Monday, March 30, 2009
Wednesday, March 25, 2009
Wednesday, March 18, 2009
Monday, March 16, 2009
I saw part of an interview with Pat Summitt where she mentioned that the current generation of student athletes seem to be less motivated than her previous players. And her players should be among the most motivated of any college student athlete anywhere. This ties in with a recent discussion amongst the faculty that most of the students who are performing below average are doing so because they simply aren't doing the work. Lab reports? Apparently optional. Regularly turning in homework, if at all? Just busywork. Turning in a paper worth ten percent of the grade? Nah.
Speaking of student athletes, my school's basketball team made it to the State Quarterfinals, their best season ever. Nine out of the thirteen players on the roster have taken astronomy with me.
I do not assign any work that isn't useful. Do I assign a lot of physics homework? Yeah, and if the students do it, they tend to do very well on exams. Do I make my astronomy and physics students write short papers? Yes, I do, because synthesizing and articulating scientific ideas are crucial instructional objectives. I even tell them why I give them the different assignments. I make each assignment worth a decent chunk of their grade in the course, so it is worth their time to do the assignments. Motivation has always come from within for me. I'm most competitive with myself. So I find myself wondering how to motivate students to do work they just don't want to do?
Sunday, March 08, 2009
A few weeks ago, I had to deal with something that had yet to confront me as a teacher - one of my students committed suicide. I was informed by the college administration, and the campus mental health director offered to come speak to my class. It is a lecture class, but I have my students do group work, so several of the students who had worked with this student were quite upset. It was a rough time, but I'm glad the counselor came and talked to the class. At least one student from that class has gone to seek mental health counseling since, so some good came from it.
I'd also like to say that I would never have suspected this student to have been in trouble from his demeanor in class. You know how after every Virginia Tech-type tragedy there is the outcry to somehow identify troubled students? If I had been asked to provide a watch list, he would never have been on it. He was outgoing, participated everyday, had made friends... the class was stunned to find out what had happened. His family and friends have my sympathies.

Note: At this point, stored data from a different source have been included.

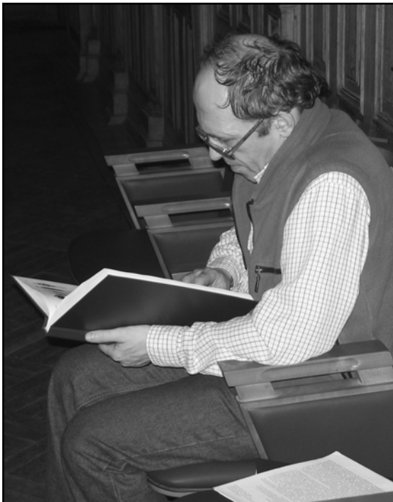
Фото 12. На заседании в ИИМК РАН в Санкт-Петербурге. 2007 г. (фото С.В. Белецкого).

Photo 11. Presentation at a session in Hermitage Museum, Saint-Petersburg, 2007 (photo by S.V. Beletsky).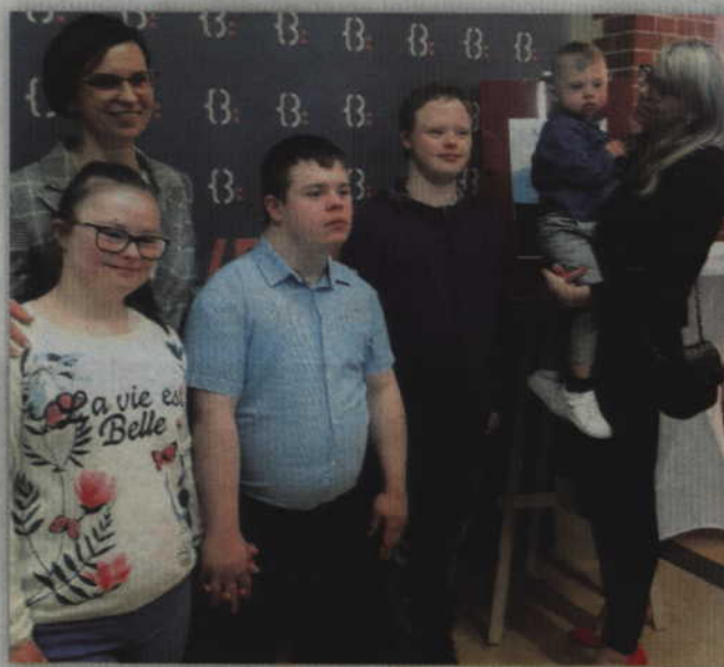
Bohaterowie dnia, których portrety znalazły się na wystawie.

jako symbol przynosili ze sobą wszyscy uczestnicy „Zakinady”, nie pasują do siebie na pierwszy rzut oka. Gdy jednak człowiek wyjdzie poza schemat tradycyjnego funkcjonowania, to może się okazać, że skarpetki nie do pary potrafią być śmieszne, urocze i nietuzinkowe. Gdy się tak chwilę zastanowić, to można dojść do wniosku, że tak naprawdę każdy, jeśli ma ochotę, to może na co dzień normalnie funkcjonować i dobrze czuć się w skarpetkach nie do pary.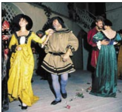
Oben: Burg Falkenstein. Unten: Further Drachenstich und mittelalterliches Spektakel auf Falkenstein.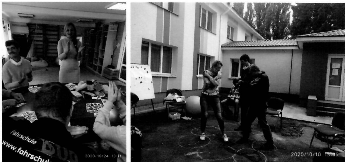
Руханки і перерви під час занять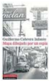
MAPA DIBUJADO POR UN ESPÍA GUILLERMO CABRERA INFANTE GALAXIA GUTENBERG 396 PÀG. / 21 €

Desfilen entre les pàgines d'aquest llibre colpidor una colla de personatges reals: polítics, artistes i escriptors. Alejo Carpentier, José Lezama Lima, Nicolás Guillén, Calvert Casey, Virgilio Piñera, Fidel Castro, Che Guevara, Tomás Gutiérrez Alea... gent que acaba reflectint la misèria física i moral que vivia aquella Cuba dels anys seixanta. Mapa dibujado por un espía pinta el desànim aclaparador dels seus habitants, l'irrespirable ambient per falta de llibertat i la por constant a ser denunciat per qualsevol com a contrarevolucionari. Pura autenticitat històrica i valentia, just per constatar que el mal a Cuba sembla perdurable. De fet, aquest 2013 els Castro van fer tancar als penals més de 6.400 presos polítics.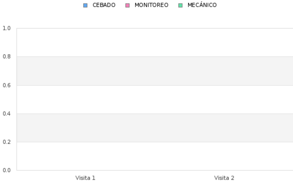
Tabla # 2 Porcentaje del Índice de infestación de roedores (estaciones de cebadero) de Enero - Diciembre 2024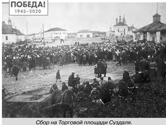
Сбор на Торговой площади Суздаля.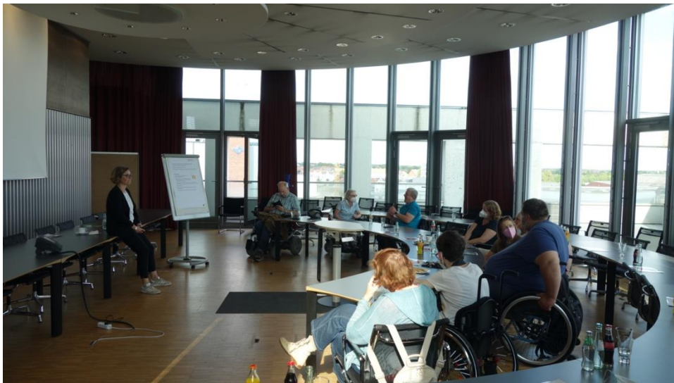
Abbildung 3 – Workshop der Beteiligungspilotinnen und Beteiligungspiloten

Insgesamt 31 Beteiligungspilotinnen und Beteiligungspiloten waren im Projekt dabei – 23 Frauen und 16 Männer unterschiedlichen Alters und mit unterschiedlichen Formen von Behinderung. In drei Workshops hatte die Gruppe Gelegenheit sich kennenzulernen und sich mit den Aufgaben als Beteiligungspilotin oder Beteiligungspilot vertraut zu machen. Alle Teilnehmenden haben in diesen drei Workshops Arbeitsmaterial erhalten, an dem sie sich bei der Überprüfung der Veranstaltungen und Formate orientieren konnten. Dieser für das Projekt entwickelte Kompass enthält Leitsätze, was vor, während und nach einer Veranstaltung wichtig ist, um sich gut beteiligen zu können (siehe Infokasten). 7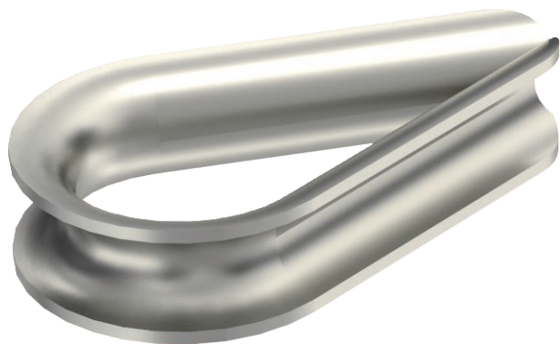
Seilkausche nach DIN 65457.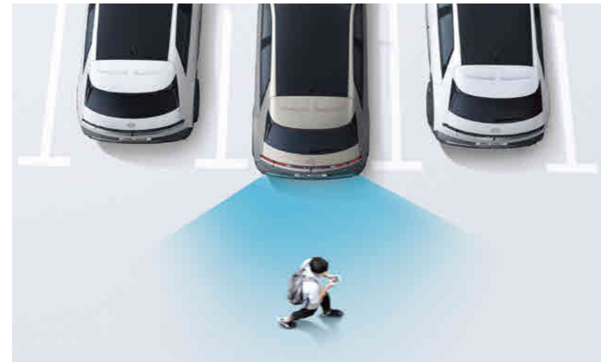
מערכת אקטיבית להתראה ומניעת התנגשות בעת כניסה ויציאה מחניה (PCA)*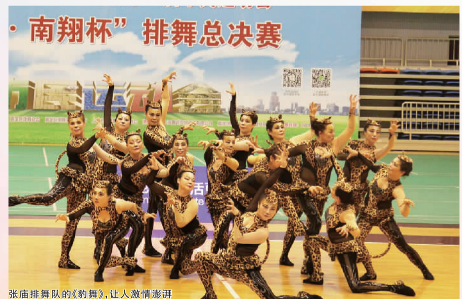
张庙排舞队的《豹舞》,让人激情澎湃

近年来,为了响应全民健身的号召,乐邻艺术团组建了广场舞队,是由艺术团内的排舞队和民舞队合并而来,在人数扩大的基础上,让社区的广大居民,也能积极参与进来!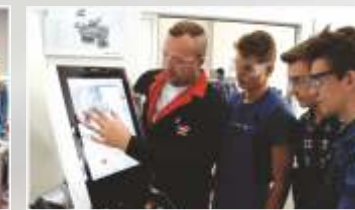
PRACOWNIA OBRABIAREK CNC FIRMY DMG MORI

Więcej informacji możesz uzyskać na www.zst.net.pl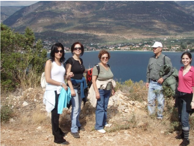
Η πεζοπορική ομάδα στα Τριζόνια.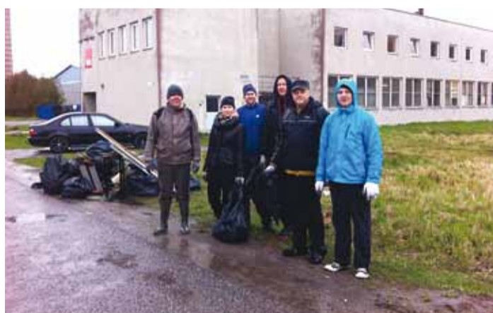
MTÜ Roheline Poolsaar lõi kaasa Teeme ära talgutel koduümbrust koristades Püüsi-Pringi tootmisalal.

Loomulikult häirivad vallalannike iseeneslikult tekkinud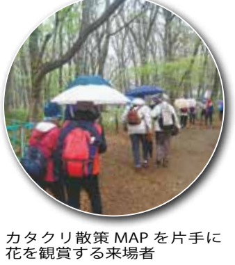
カタクリ散策MAPを片手に花を鑑賞する来場者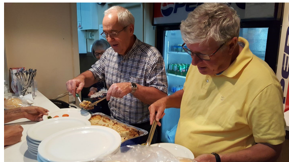
Comme nos mères! Nos deux Maires

En terminant, il est important de dire que le succès de cet événement serait impossible sans l'apport des partenaires et des nombreux bénévoles qui sont fidèles au rendez-vous à chaque édition. Le Symposium mobilise plus de soixante-quinze bénévoles que nous voulons remercier chaleureusement.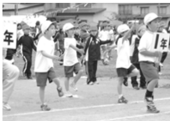
ちょっとバラバラだけどゆるして(鶴小)

町の元気な子どもたちを写真で紹介します。今日は、各小学校で行われた「大運動会」の子どもたちです。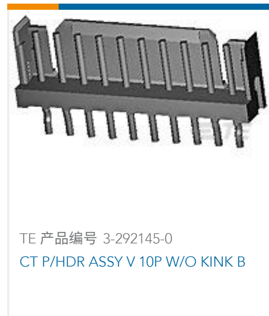
TE 产品编号 3-292145-0 CT P/HDR ASSY V 10P W/O KINK B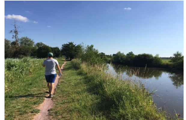
Randonnées à pied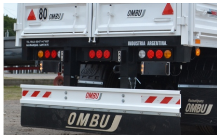
Paragolpe rebatible, volcable y desmontable. Sistema de luces de led y lámparas.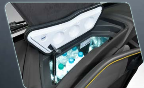
Geladeira embutida no painel, gerando praticidade ao condutor (opcional).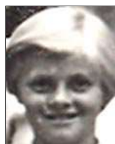
Række I nr. 3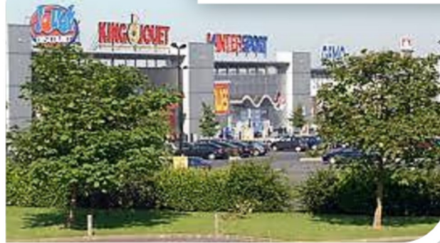
← Zone d'activité commerciale

6 Entoure les paysages du commerce que l'on trouve en centre-ville :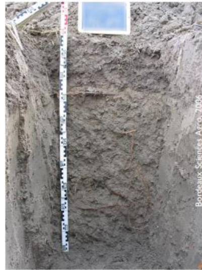
Figure 4: Les fluvisols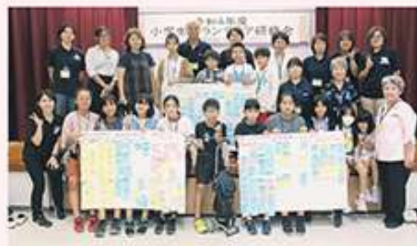
小学生ボランティア研修会

みなさんから頂いたご意見は、第3次八重瀬町地域福祉(活動)統合計画に反映させていきます。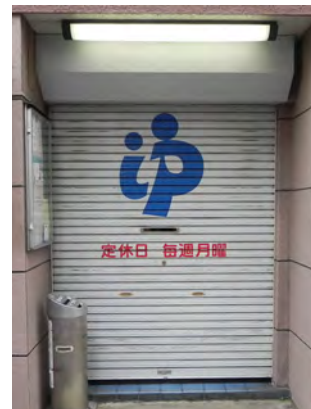
Step 2 現調確認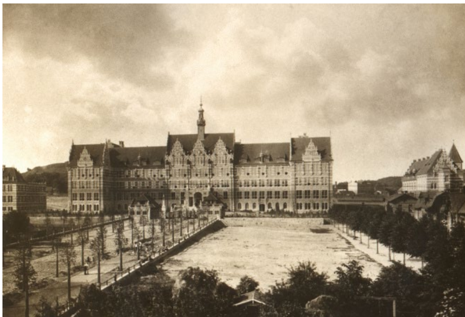
Ilustracja 3. Gmach główny Politechniki Gdańskiej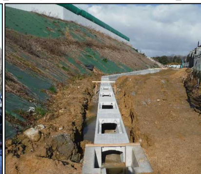
⑤ 雨水排水工 北尾団地側側溝据付状況です。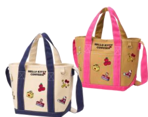
キャンバストート(アイボリー/ネイビー、ベージュ/ピンク) 各7,150円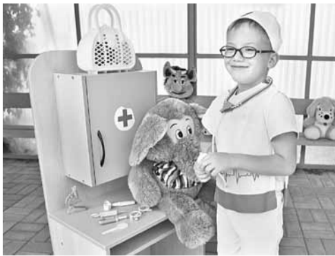
В «Ветклинике» дошколята печат плюшевых зверей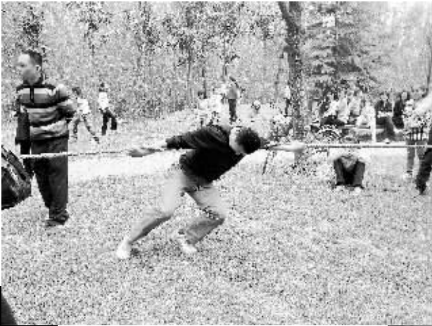
没见过这样拔河。输定了！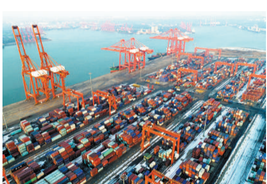
图为唐山港京唐港区集装箱码头。今年1月至11月，唐山港完成集装箱吞吐量269.2万标箱，同比增长21.56%。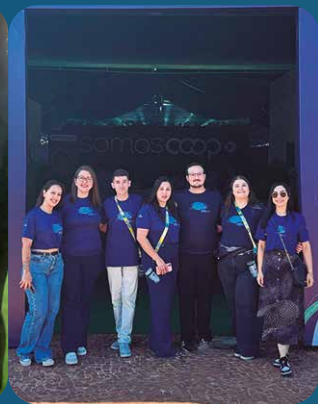
Unimed Ponta Grossa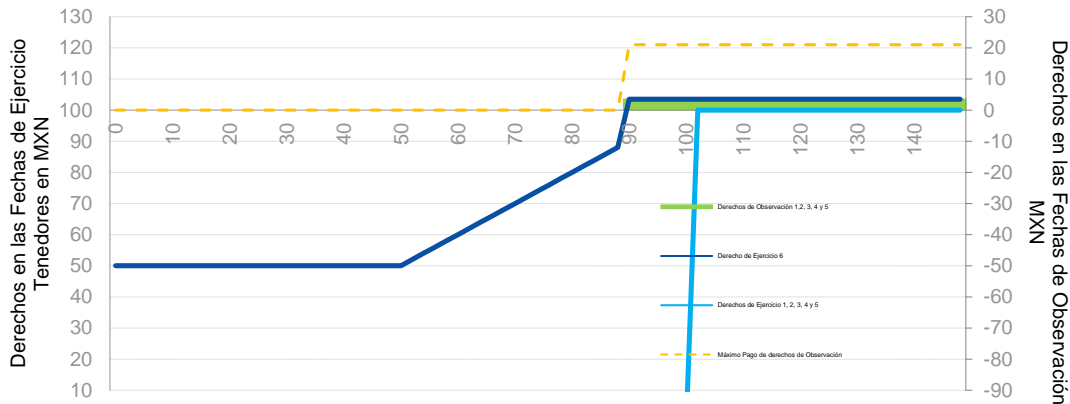
Pago del Total del Título Opcional por Fecha de Ejercicio/ Observación

* Cuando el Derecho de Ejercicio es positivo, el Título se Ejercerá y Liquidará a los tenedores.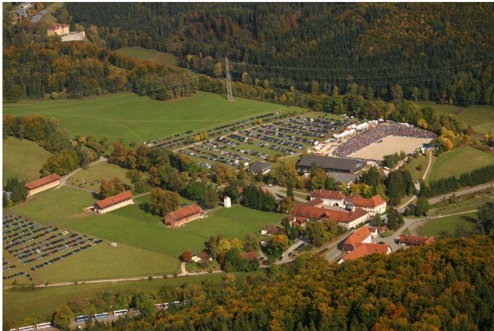
Tausende PKW und viele Reisebusse auf dem Weg zur Hengstparade: Rechtzeitige Anreise nach Marbach lohnt sich nicht nur wegen des Rahmenprogramms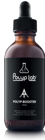
Booster per coralli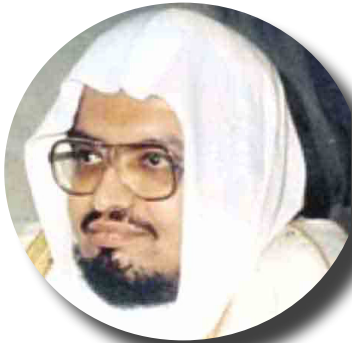
تحميل القرآن الكريم بصوت علي جابر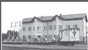
Serwis w Polsce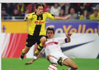
8. Spieltag 2.10.2005 BVB – Stuttgart 0:0

Kaum ein Durchkommen gegen Stuttgarts engmaschiges Defensivnetz gab es für den BVB (Rosicky gegen Soldo).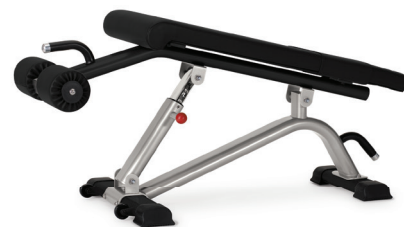
BANCO INVERTIDO DE ABDOMINALES AJUSTABLE 9NN-B7200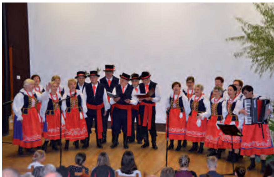
IV Przegląd Zespołów Śpiewaczych z okazji Europejskich Dni Dziedzictwa (2017.09.16)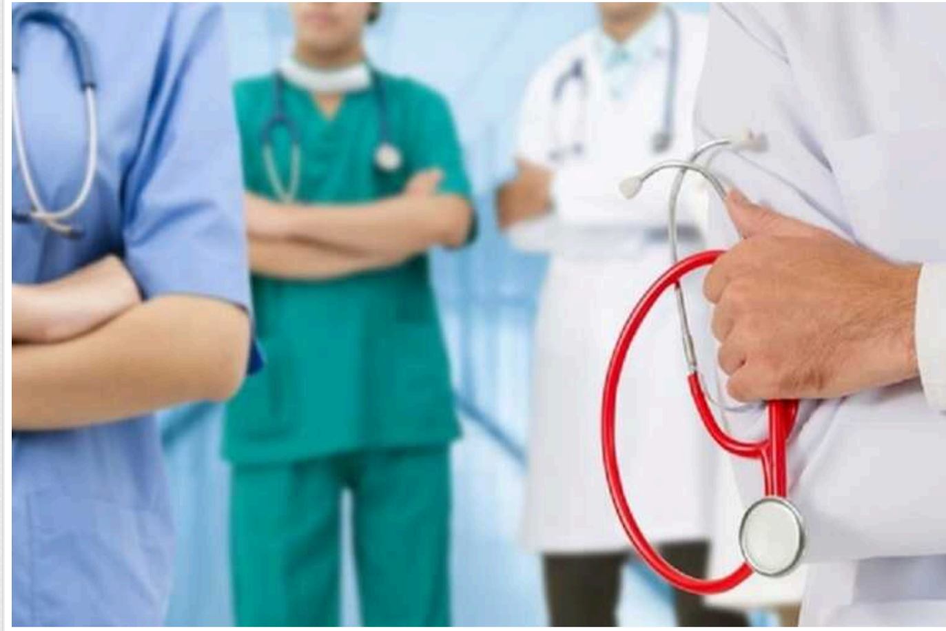
У Києві співробітники закладу торгівлі та їхні родичі захворіли на вірусний гепатит А

У Києві та Київській області лікарі зафіксували 5 випадків захворювання на вірусний гепатит А. Пацієнтами лікарів виявилися співробітники та члени їхніх родин одного із закладів торгівлі столиці.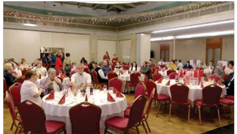
A mindennapi hősök rengeteg alkalommal adtak vért, s mentettek meg ezzel háromszor annyi életet

„Igazán megérdemlik ezt a véréadóink, hiszen szervezetünk az év háromszázhatvanöt napján segítséget kér a rászoruló emberek nevében. Lennie kell legalább egy napnak, amikor mi is adni tudunk valamit a köszönő szavakon túl!” – fogalmazott a megyei igazgató.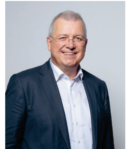
Markus Ferber, MdEP

Demokratie ist in den Kommunen am unmittelbarsten erfahrbar. Kommunalpolitik zeichnet sich durch eine besondere Bürgernähe aus. Die Menschen in den Städten, Gemeinden und Dörfern sind viel näher an den gewählten Politikerinnen und Politikern dran, können Lob und Unmut direkt kundtun und darauf hinweisen, was für ihren Ort, ihre Region wichtig ist und welche Bedürfnisse, Herausforderungen, Probleme – ja auch Ängste sie haben. In den Kommunen kennt man sich, man sieht sich, man tauscht sich zumindest in kleineren Orten auch mal auf dem „kurzen Dienstweg“ aus. „Eine Bürgermeisterwahl ist eine Persönlichkeitswahl mit Inhalten“, sagt Neu-Ulms Oberbürgermeisterin Katrin Albsteiger – und sie hat recht. Aber Politik vor Ort, das ist umgekehrt auch der Bereich, in dem sich Bürgerinnen und Bürger am stärksten selbst beteiligen.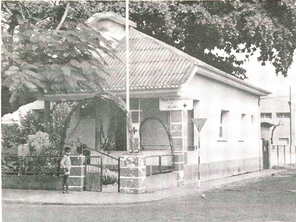
Le secrétariat central de la Croix-Rouge à São Tomé. Dès le départ, la société nationale s'est dotée d'une structure nationale et régionale.

pagnes de recherche de fonds. Il y a, dans ce dernier domaine, comme un air de ressemblance avec ce que l'on entend chez nous. Des projets qui seront en partie réalisés avec l'appui de la Ligue, mais qui font encore une fois appel à l'ingéniosité de la population locale. Dans le cadre de programmes d'occupation, on incite par exemple les personnes du troisième âge à confectionner des objets à partir de feuilles de palmiers, qui seront ensuite revendus sur le marché. Si après cela, certains affirment encore que le mouvement Croix-Rouge s'essouffle, je me demande ce qu'il leur faut!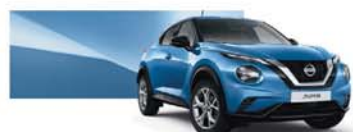
Vivid Blue (M) - RCA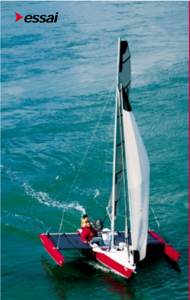
Un simple souffle d'air, et le Magnum 21 S s'élance...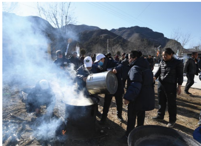
志工为乡亲随时供应热食，天寒心暖，亲如一家。

捧着静思语卷轴，用标准的九十度鞠躬恭敬为乡亲奉上静思语，恭敬与谦卑令领取物资的乡亲和周围志工们赞叹。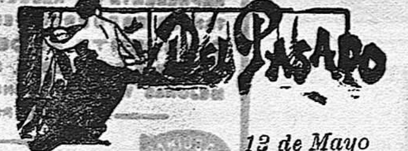
13 de Mayo

En tiempos de absolutismo le llamábamos á esto tiranía, hoy se llama democracia. Decididamente no es esta la llamada á borrar los viejos prejuicios.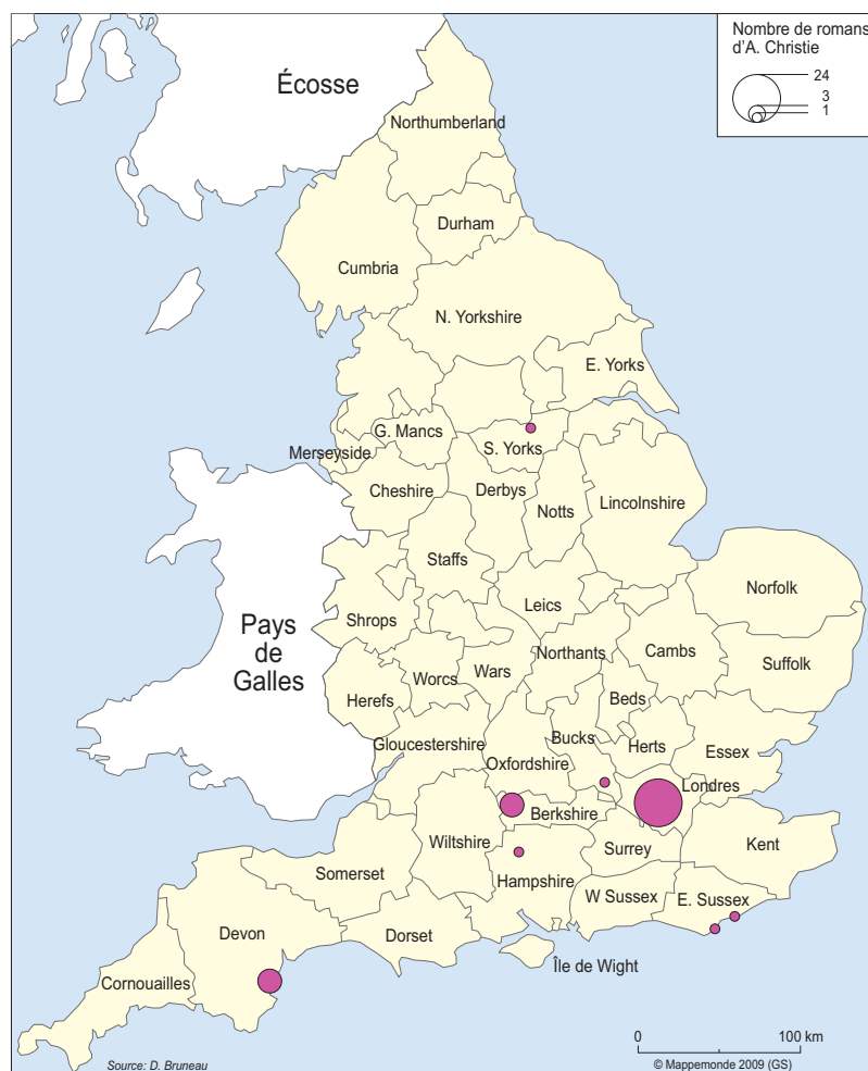
2. Les régions où se situe l'action des romans d'Agatha Christie

On a lighter note, I used Saturn's annoying tendency to gain more moons as a way to talk about how technology enables more discoveries, how the moon is small because otherwise we'd have seen it before, and how silly it is to memorize facts (how many moons Saturn has) as opposed to understanding processes (most moons are small, captured objects, etc...). Having such an example of a fact that changed since the last class seemed to have an impact.